*GOAL OF THE EXERCISE*:
Copy word for word, please, the lines of the entries below running from the one containing "Schreiben von Abraham" to the one containing "Chaque joueur occupe", both ends included.

*AVAILABLE RECORDS*:
---+---
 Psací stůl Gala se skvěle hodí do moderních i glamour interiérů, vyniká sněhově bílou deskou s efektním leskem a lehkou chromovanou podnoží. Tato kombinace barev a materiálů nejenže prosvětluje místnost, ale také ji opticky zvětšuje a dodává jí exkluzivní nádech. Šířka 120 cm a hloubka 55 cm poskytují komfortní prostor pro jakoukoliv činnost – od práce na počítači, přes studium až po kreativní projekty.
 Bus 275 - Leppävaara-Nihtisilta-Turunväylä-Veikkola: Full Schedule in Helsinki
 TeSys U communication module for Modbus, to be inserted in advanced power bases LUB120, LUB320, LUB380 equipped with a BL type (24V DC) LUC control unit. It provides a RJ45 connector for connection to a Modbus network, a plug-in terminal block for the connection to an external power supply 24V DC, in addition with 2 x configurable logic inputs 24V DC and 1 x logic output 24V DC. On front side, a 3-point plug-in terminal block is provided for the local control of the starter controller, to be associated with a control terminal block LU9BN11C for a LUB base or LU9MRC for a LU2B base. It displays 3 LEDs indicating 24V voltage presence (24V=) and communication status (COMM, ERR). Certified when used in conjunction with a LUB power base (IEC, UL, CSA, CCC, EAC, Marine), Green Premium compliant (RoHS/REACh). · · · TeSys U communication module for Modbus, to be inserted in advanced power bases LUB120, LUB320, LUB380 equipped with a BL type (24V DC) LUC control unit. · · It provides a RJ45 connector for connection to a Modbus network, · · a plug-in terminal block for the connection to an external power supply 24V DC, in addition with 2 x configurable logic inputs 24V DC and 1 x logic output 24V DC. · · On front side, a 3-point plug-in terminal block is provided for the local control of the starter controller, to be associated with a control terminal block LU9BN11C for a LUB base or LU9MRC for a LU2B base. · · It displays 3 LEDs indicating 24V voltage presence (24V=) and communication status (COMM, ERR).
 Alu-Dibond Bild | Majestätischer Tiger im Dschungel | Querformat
---+---
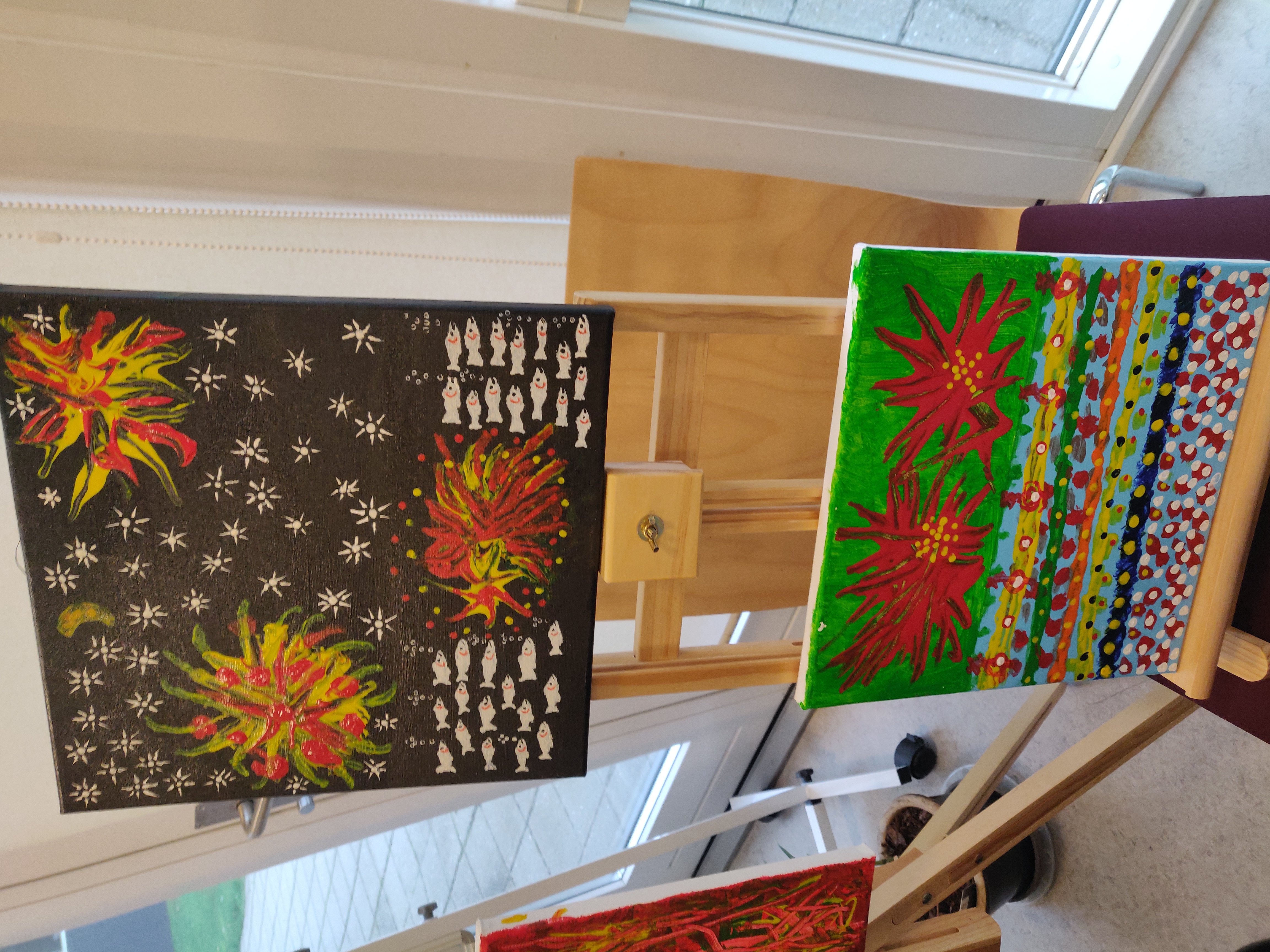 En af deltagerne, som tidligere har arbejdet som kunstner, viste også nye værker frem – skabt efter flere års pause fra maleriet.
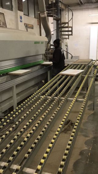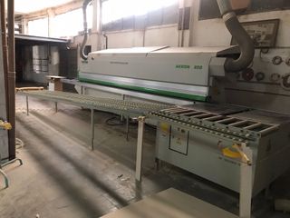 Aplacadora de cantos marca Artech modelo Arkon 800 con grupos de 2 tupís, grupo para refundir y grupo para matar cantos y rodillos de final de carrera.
---+---
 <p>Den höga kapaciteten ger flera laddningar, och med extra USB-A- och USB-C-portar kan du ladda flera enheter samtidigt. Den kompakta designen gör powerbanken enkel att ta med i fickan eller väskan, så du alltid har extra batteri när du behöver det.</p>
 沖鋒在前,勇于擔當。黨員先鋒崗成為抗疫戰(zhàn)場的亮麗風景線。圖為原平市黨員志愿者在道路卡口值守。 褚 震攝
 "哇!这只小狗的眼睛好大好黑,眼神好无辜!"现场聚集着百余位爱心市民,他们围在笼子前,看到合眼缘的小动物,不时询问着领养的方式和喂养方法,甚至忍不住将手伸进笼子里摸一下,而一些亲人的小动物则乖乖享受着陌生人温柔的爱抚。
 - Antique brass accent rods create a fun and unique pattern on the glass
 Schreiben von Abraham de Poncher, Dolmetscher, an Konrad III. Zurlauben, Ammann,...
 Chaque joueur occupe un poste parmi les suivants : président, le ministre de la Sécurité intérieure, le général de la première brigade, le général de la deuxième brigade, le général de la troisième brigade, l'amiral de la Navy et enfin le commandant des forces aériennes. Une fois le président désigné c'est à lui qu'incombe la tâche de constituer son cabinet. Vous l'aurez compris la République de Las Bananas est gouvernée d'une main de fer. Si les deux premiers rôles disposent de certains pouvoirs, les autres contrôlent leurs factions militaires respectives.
---+---
*EXERCISE RESPONSE*:
 Schreiben von Abraham de Poncher, Dolmetscher, an Konrad III. Zurlauben, Ammann,...
 Chaque joueur occupe un poste parmi les suivants : président, le ministre de la Sécurité intérieure, le général de la première brigade, le général de la deuxième brigade, le général de la troisième brigade, l'amiral de la Navy et enfin le commandant des forces aériennes. Une fois le président désigné c'est à lui qu'incombe la tâche de constituer son cabinet. Vous l'aurez compris la République de Las Bananas est gouvernée d'une main de fer. Si les deux premiers rôles disposent de certains pouvoirs, les autres contrôlent leurs factions militaires respectives.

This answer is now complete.